Other Wind
29 / September29 / September29 / September

Gossip

I went to do some research at the UT library on fairy godmothers after work today, for a story I’m writing. In a book called From the Beast to the Blonde: On Fairy Tales and Their Tellers, by Marina Warner, I found the following explanation of the word gossip:

In 1014, the word ‘gossip’ was used in English for a baptismal sponsor, godmother or -father; by 1632, it denoted a ‘friend’ and applied almost exclusively to female friends invited by a woman to the christening of her child. A ‘gossiping’ is an old word for a christening feast. Jan Steen’s high spirited painting known also by that title, in the Wallace Collection in London…, shows a kitchen bustling with friends and helpers; the confined mother lies in bed in an alcove, looking very weak, while two women keep by her side; around the table, by the chimney, more women are heating water, gesturing to each other, engaged in conversation as they focus on the newborn child.
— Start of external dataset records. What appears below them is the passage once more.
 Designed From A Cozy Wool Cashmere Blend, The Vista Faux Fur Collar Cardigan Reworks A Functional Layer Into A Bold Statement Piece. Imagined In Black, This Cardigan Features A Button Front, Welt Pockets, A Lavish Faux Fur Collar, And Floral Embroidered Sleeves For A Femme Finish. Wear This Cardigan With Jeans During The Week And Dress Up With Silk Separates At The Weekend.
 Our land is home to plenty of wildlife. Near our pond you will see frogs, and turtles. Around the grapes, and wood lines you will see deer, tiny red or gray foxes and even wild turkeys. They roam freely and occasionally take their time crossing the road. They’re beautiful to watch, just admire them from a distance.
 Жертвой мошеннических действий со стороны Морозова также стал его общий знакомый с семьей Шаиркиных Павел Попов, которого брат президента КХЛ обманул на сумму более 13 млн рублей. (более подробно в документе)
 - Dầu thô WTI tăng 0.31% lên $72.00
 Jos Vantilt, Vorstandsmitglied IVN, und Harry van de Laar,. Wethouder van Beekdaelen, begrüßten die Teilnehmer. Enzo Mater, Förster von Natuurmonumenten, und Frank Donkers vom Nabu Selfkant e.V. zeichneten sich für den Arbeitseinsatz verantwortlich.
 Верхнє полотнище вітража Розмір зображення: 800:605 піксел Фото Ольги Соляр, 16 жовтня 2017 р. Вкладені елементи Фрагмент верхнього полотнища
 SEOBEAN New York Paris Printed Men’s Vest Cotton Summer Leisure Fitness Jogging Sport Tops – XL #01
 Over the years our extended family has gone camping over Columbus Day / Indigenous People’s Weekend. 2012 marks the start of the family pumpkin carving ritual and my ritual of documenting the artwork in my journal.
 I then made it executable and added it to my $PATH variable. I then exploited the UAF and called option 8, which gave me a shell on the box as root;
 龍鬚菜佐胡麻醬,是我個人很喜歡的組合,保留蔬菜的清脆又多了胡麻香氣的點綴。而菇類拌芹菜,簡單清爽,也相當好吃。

From 1590 to the 1660s, when such festivities were set to become ever more popular and lavish sources of social bonding, among Catholics and Protestants alike, the word ‘gossip’ had gone into free fall, and came to mean ‘a person, mostly a woman, especially one who delights in idle talk; a newsmonger, a tattler’.
Warner goes on to explain that the Italian and French words for gossip (commare and commère) underwent similar transformations.